RustyLR supports Generalized LR (GLR) parsing, enabling it to handle ambiguous or nondeterministic grammars that traditional LR(1) or LALR(1) parsers cannot process.
When a GLR parser encounters a conflict (such as shift/reduce or reduce/reduce), it forks the current parsing state into multiple branches, each representing a different possible interpretation of the input. These branches are processed in parallel, and invalid paths are pruned as parsing progresses.
To utilize GLR parsing in RustyLR, include the %glr; directive in your grammar definition. This directive instructs RustyLR to generate a GLR parser, which can handle ambiguous grammars by exploring multiple parsing paths.
Once %glr
directive is added, any conflicts in the grammar will not be reported as errors.
It's important to be aware of points in your grammar where shift/reduce or reduce/reduce conflicts occur, as each divergence increases computational complexity.
If you are using executable rustylr
, you can use --verbose
option to see any conflicts in the grammar and their divergent paths.
%glr;
%tokentype char;
%start E;
%eof '\0';
Digit(char): ['0'-'9'] ;
E(i32): E '+' E { E + E }
| E '*' E { E * E }
| Digit { Digit.to_digit(10).unwrap() as i32 };
In this grammar, the expression 1 + 2 * 3 + 4 has multiple valid parse trees due to the ambiguity in operator precedence and associativity.
((1 + 2) * 3) + 4
(1 + (2 * 3)) + 4
1 + ((2 * 3) + 4)
1 + (2 * (3 + 4))
(1 + 2) * (3 + 4)
The GLR parser will explore all possible parsing paths to construct the parse forest.
RustyLR allows you to resolve ambiguities dynamically within reduce actions.
Simply returning Err
from a reduce action will prune the current branch of the parse tree.
By inspecting the lookahead token or other context, you can decide whether to proceed with a particular reduction.
For example, to enforce operator precedence (e.g., * has higher precedence than +), you can modify the reduce actions as follows:
E : E '+' E {
match *lookahead {
'*' => {
// no reduce if the next token is '*'
// this prevent
// E + E / *
// ^ lookahead
// to be E * ...
// ^ (E + E)
return Err("".to_string());
}
_ => {
// revoke the shift action
// this prevent
// E + E / +
// ^ lookahead
// to be E + E + ...
// and enforce only the reduce action takes place
// E + ...
// ^ (E + E)
*shift = false;
}
}
}
lookahead: TokenType
and shift: &mut bool
are predefined variable and can be used in the reduce action.
lookahead
refers to the next token in the input stream.- Returning
Err
from the reduce action will discard the current parsing path. - Setting
*shift = false;
prevents the parser from performing a shift action, enforcing the desired reduction.

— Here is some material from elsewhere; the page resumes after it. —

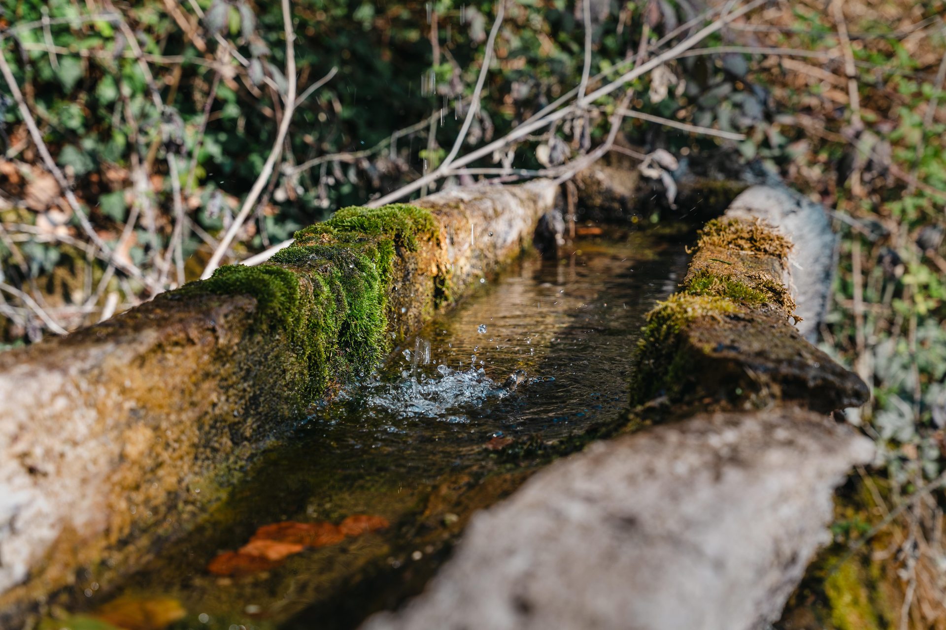- Liebevoll gestalteter Brunnen und überdachte Holzbank

RustyLR provides a consistent parsing interface for both deterministic and GLR parsers. After generating the parser, you can feed tokens to the parser context and retrieve the parsing results.
let parser = EParser::new(); // <StartSymbol>Parser class
let mut context = EContext::new(); // <StartSymbol>Context class
for token in input_sequence {
match context.feed(&parser, token) {
Ok(_) => {}
Err(e) => {
println!("Parse error: {}", e);
return;
}
}
}
// Retrieve all possible parse results
for result in context.accept_all() {
println!("Parse result: {:?}", result);
}
In this code:
EParser::new()
creates a new parser instance.EContext::new()
initializes the parsing context.context.feed(&parser, token)
feeds tokens to the parser.context.accept_all()
retrieves all valid parse results from the parse forest.